12.2. OCF Resource Agents

12.2.1. Location of Custom Scripts

OCF Resource Agents are found in /usr/lib/ocf/resource.d/$PROVIDER

When creating your own agents, you are encouraged to create a new directory under /usr/lib/ocf/resource.d/ so that they are not confused with (or overwritten by) the agents shipped by existing providers.

So, for example, if you choose the provider name of big-corp and want a new resource named big-app, you would create a resource agent called /usr/lib/ocf/resource.d/big-corp/big-app and define a resource:

12.2.2. Actions

All OCF resource agents are required to implement the following actions.
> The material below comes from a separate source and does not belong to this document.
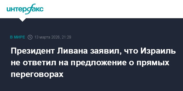Москва. 13 марта. INTERFAX.RU - Ливан не получил ответа от Израиля на предложение о прямых переговорах для прекращения боевых действий, заявил президент Ливана Жозеф Аун на встрече с генсеком ООН Антониу Гутерришем в Бейруте. Об этом пишет Orient Le Jour.

Required Actions for OCF Agents
Action Description Instructions

start

Start the resource Return OCF_SUCCESS on success and an appropriate error code otherwise. Must not report success until the resource is fully active.

stop

Stop the resource Return OCF_SUCCESS on success and an appropriate error code otherwise. Must not report success until the resource is fully stopped.

monitor

Check the resource’s state Return OCF_SUCCESS if the resource is running, OCF_NOT_RUNNING if it is stopped, and any other OCF exit code if it is failed. Note: The monitor action should test the state of the resource on the local machine only.

meta-data

Describe the resource Provide information about this resource in the XML format defined by the OCF standard. Return OCF_SUCCESS. Note: This is not required to be performed as root.

OCF resource agents may optionally implement additional actions. Some are used only with advanced resource types such as clones.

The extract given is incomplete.